One Worldview at a Time
Any useful statement about the future should at first seem ridiculous. Jim Dator
Today 71% of Americans believe that the direction the world is heading is not where they want to go. If we don’t change directions, we will surely end up where we are heading. This makes creating a positive future urgent. You and I have two choices: create it or let someone else. I believe we can create a positive future for everyone and the planet if we develop a majority collective worldview that is open and inclusive. This would be a powerful decision making force for changing the direction we are heading. My statement may sound ridiculous, therefore it may be useful to consider.
The usefulness of this idea is that each one of us can contribute by expanding our personal worldview to be more open and inclusive. Thus we are expanding the new collective worldview one worldview at a time. A worldview is defined as “an overall perspective from which one sees and interprets theworld; a collection of beliefs about life and the universe.” My worldview is important to you and your worldview is important to me because our worldviews determine the way we see things and do things, which has consequences for others and the planet — and the direction the world is heading.

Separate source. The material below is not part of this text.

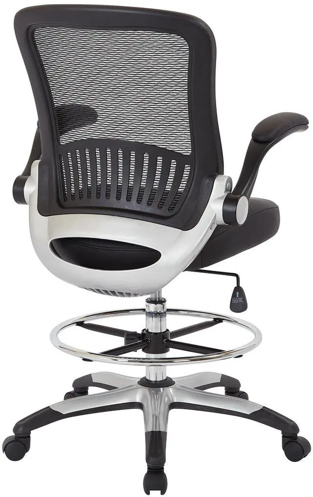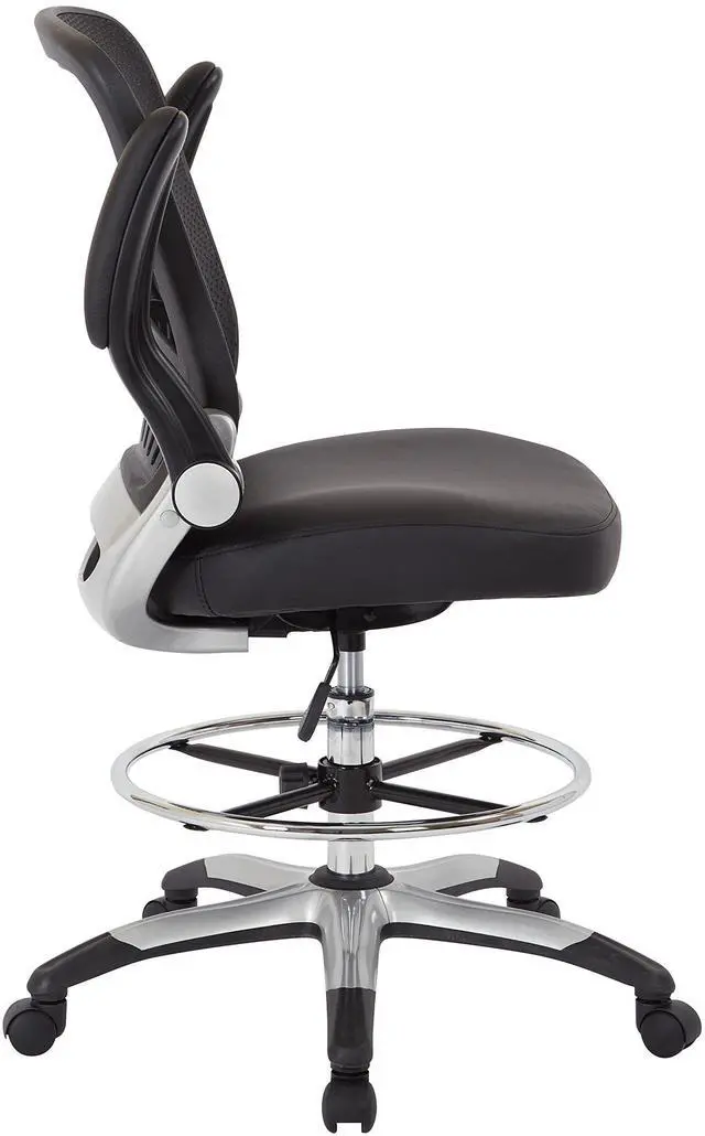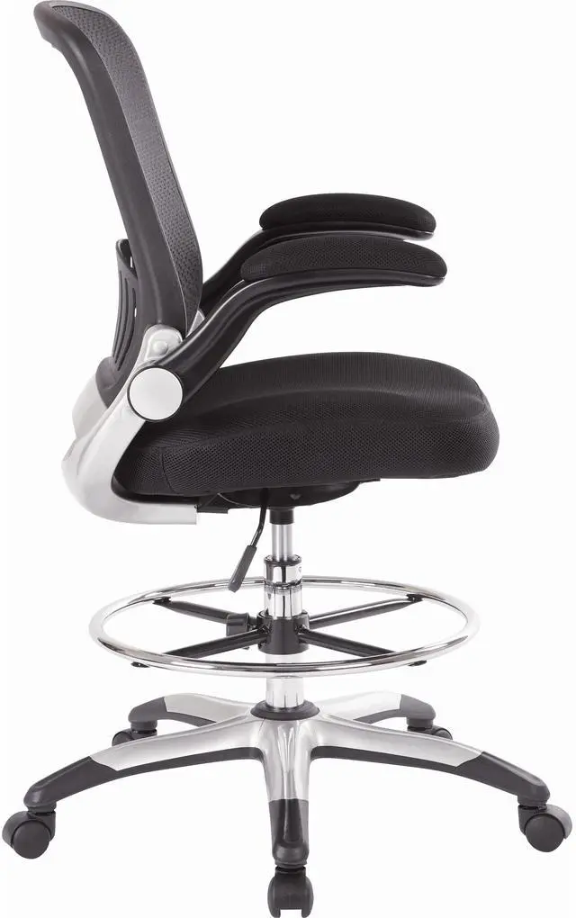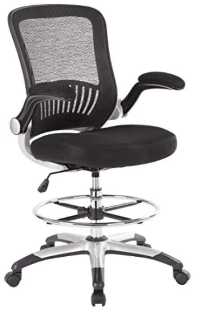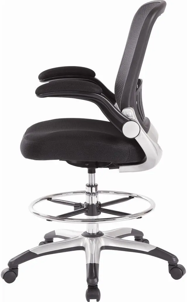 MESH BACK DRAFTING CHAIRElevate your work experience with this deluxe drafting chair designed for comfort. A breathable mesh back with built in lumbar support and thick padded seat cradles your body throughout the work day letting you keep your focus and stay productive. Enjoy an ample seat height adjustment area to find just the right zone for your needs along with an adjustable foot ring to keep your footing while you work. Upgrade your office seating with the sleek design of the Work Smart Mesh Back Drafting Chair.
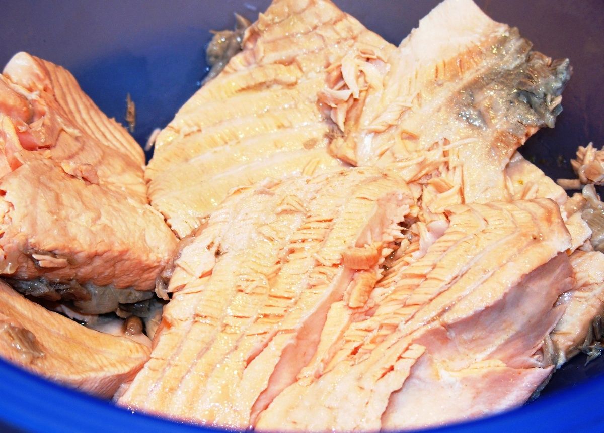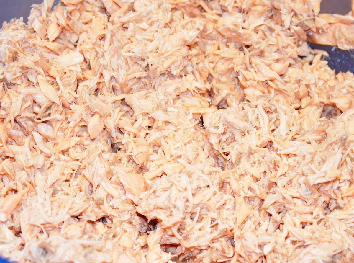 3) Lorsque le saumon est froid, retirer la peau s'il y en a. Puis effilocher les filets finement à l'aide de deux fourchettes. Ajouter le yaourt et le Philadelphia. Mélanger. Ciseler l'aneth finement et ajouter. Couper le saumon fumé en fines lanières et ajouter également.

An open worldview is one that is open-minded, receptive to new and different ideas. An inclusive worldview is one that sees interconnectedness and interdependency, not exclusiveness. I think it is obvious that most individuals and most social/cultural groups in the world today do not have an open and inclusive worldview.
The first step in creating this positive future is to believe we can. And we need to realize that it is our minds that are responsible for our worldview, and the world’s future. “It is going to be our minds (cultural evolution) not our genes (biological evolution) that creates or destroys our positive future.” Peter Russell
Because we have more influence over our minds than our genes, we are in a position to do something about our worldview and the future — if we believe we can and if we care enough to want to. Instead of predicting what the future will be (the direction we are heading) we need to imagine the future we want and then collectively create it. The future is not some place we are going to,but one we are creating. John Schaar
If not you and me, who? If not now, when? The reason for now is that it can’t be done sooner. I imagine you still believe my proposition is ridiculous. Can you imagine it might be possible?